A première vue, c'est un paradoxe. Alors que toutes les majors du pétrole se désengagent du raffinage en Europe - Shell et BP ont tout vendu, Total va fermer ou se séparer de deux raffineries, le géant chinois du pétrole fait une percée sur ce marché ! Petrochina vient ainsi de signer, le 10 janvier, un accord de participation aux activités de raffinage et de négoce du Britannique Ineos sur ses deux sites européens : la raffinerie de Lavéra, près de Marseille, qui alimente en carburants la France, la Suisse et le sud de l'Allemagne ; et la raffinerie de Grangemouth, en Ecosse, qui alimente le Royaume-Uni. Le partenariat, si l'accord-cadre se confirme, prendrait la forme de deux co-entreprises à 50-50, selon le quotidien économique Les Echos.
L'intérêt d'Ineos pour ce partenariat est évident : ce petit acteur du raffinage est très endetté. Grâce à l'investissement chinois, Ineos peut espérer maintenir à la fois les emplois et la compétitivité de ses équipements sur un marché qui s'est rétréci.
Pour Petrochina, les motivations sont plus obscures. « Ça ne peut pas être la rentabilité immédiate, estime l'expert pétrolier Pierre Terzian, de Petrostratégie, étant donné la mollesse de la demande européenne de carburant, mais la compagnie chinoise parie peut-être sur la reprise de cette demande... à long terme. Dans ce cas, les acquisitions européennes de Petrochina auront été une bonne affaire, car elles sont peu valorisées en ce moment. »
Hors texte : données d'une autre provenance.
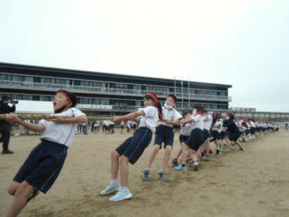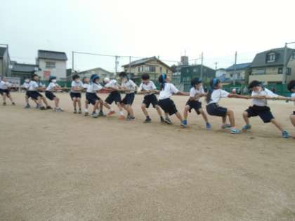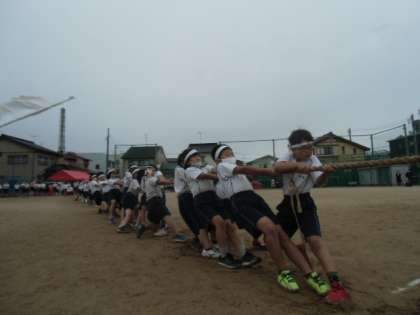 団ごとに力いっぱい綱を引きました。声を合わせながら引っ張ったり応援したりしました。

L'implantation du Chinois pourrait avoir d'autres avantages : mieux connaître le marché européen et y avoir une tête de pont dans le négoce des produits pétroliers. Enfin - et c'est peut-être la motivation principale, estime Constancio Silva, spécialiste de l'aval pétrolier à l'IFP (Institut français du pétrole - Energies nouvelles) -, les Chinois s'intéressent au savoir-faire pétrochimique de leur partenaire européen. Ineos était avant tout un chimiste avant de racheter les raffineries de BP, il y a cinq ans, et la société britannique a toujours le projet de développer sur le sol chinois ses compétences pétrochimiques, pour la fabrication, par exemple, des fibres de carbone.